MSF üyesi anestezist Doç. Dr. Ercan Türeci'nin 2009 yılında Cumhuriyet gazetesinde yayınlanan röportajından bir kesit;
MSF ile çalışmaya ne zaman, nasıl başladınız?
2005’te internet üzerinden bağlantı kurdum ve Atina’daki merkeze yönlendirildim. Benden pek çok belge istediler, hatta tıp fakültesinde hangi dersi kaç saat aldığımın bile peşine düştüler. Bunun üzerine “bu ne bürokrasi” diye sordum, yanıt bugün hepimizin altına imza atabileceğimiz bir cümleydi. “Gönüllülük esasına göre çalışıyor olmamız” deniyordu; “hizmet verdiğimiz insanların en iyisini hak etmedikleri anlamına gelmez.”
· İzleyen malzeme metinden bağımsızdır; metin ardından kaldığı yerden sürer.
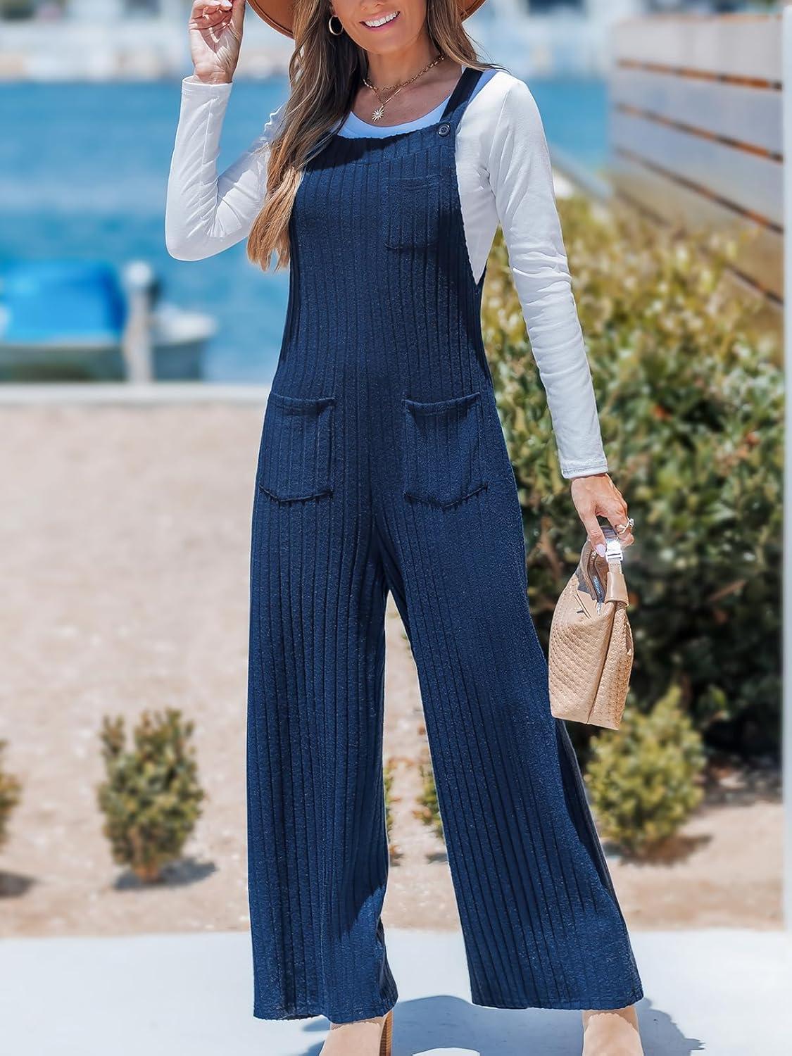 CUPSHE Women’s Jumpsuit Sleeveless Square Neck Straight Leg One Piece Romper Casual Beach Vacation(Navy)

Türkiye’den sizden başka kaç doktor var?
Bilebildiğim kadarıyla yok, olsa sözü geçerdi.
Emin misiniz?
Geçen yıl gazetelerde yayımlanan yazılarımdan heveslenip Özbekistan’a giden göğüs hastalıkları uzmanı üç ay sonra bu iş bana göre değil, diyerek geri döndü.
Şaşırdım, çünkü Sınır Tanımayan Doktorlar’ı yıllardır biliyorum, çalışmalarını izliyor ve raporlarını kullanıyoruz… Sizce doktorlar neden bu kadar uzak duruyor?
Tevazu gerçek sanılmasın diye söylüyorum, bu tür kuruluşlarla çalıştığın zaman gittiğin yerler hep çatışmalı, tartışmalı yerler, riskli alanlar… Somali’ye Sudan’a gidildiğinde oda ya da ev tutulup klima kurulmuyor, çadırda kalınıyor… Hastalıktan can güvenliğinin olmamasına kadar pek çok risk içeriyor ve pahalı bir bedeli var.